Give back an exact copy of the listing that follows, without the pictures.

* [Available data]
============
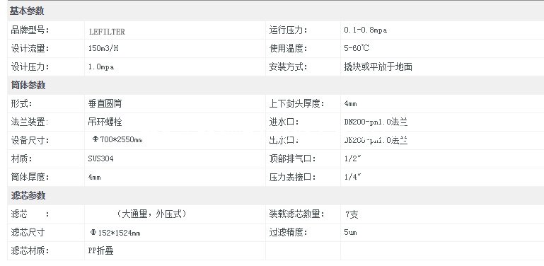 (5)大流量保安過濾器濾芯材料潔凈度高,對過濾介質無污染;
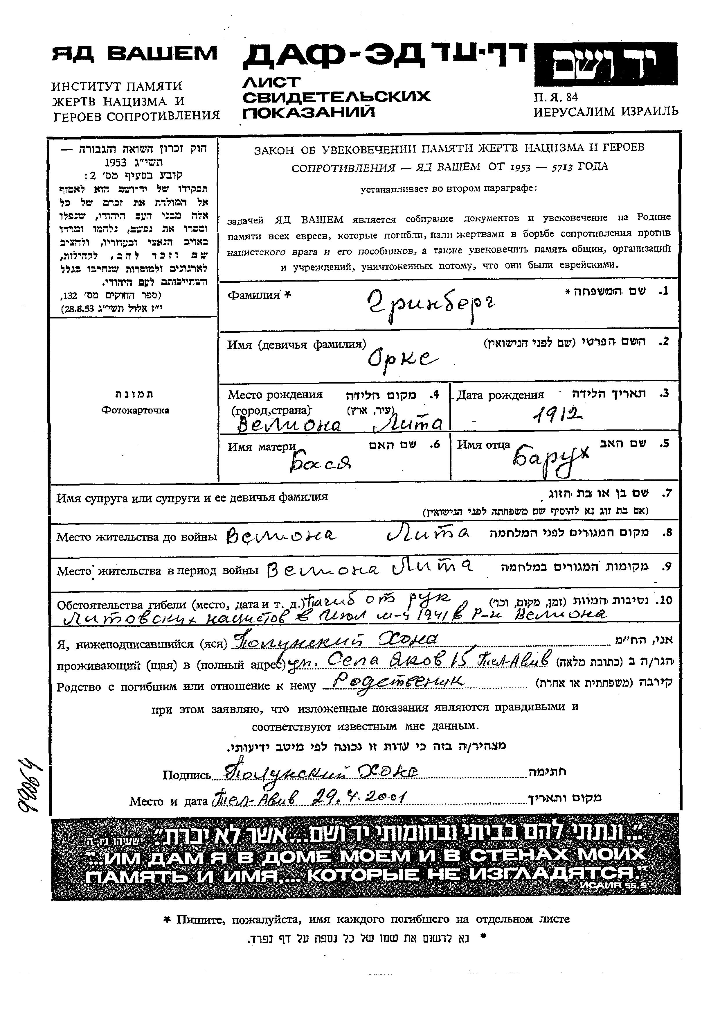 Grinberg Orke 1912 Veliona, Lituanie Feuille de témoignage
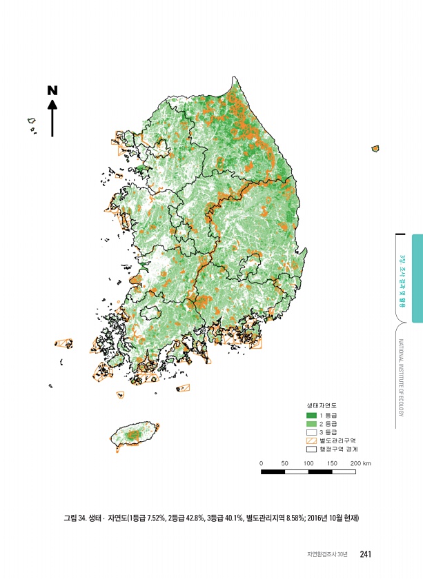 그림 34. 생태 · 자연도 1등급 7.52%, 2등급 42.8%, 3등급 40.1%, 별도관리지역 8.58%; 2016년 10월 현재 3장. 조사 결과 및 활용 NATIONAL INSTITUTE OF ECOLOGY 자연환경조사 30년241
============
* [Result of this task]
 (5)大流量保安過濾器濾芯材料潔凈度高,對過濾介質無污染;
 Grinberg Orke 1912 Veliona, Lituanie Feuille de témoignage
 그림 34. 생태 · 자연도 1등급 7.52%, 2등급 42.8%, 3등급 40.1%, 별도관리지역 8.58%; 2016년 10월 현재 3장. 조사 결과 및 활용 NATIONAL INSTITUTE OF ECOLOGY 자연환경조사 30년241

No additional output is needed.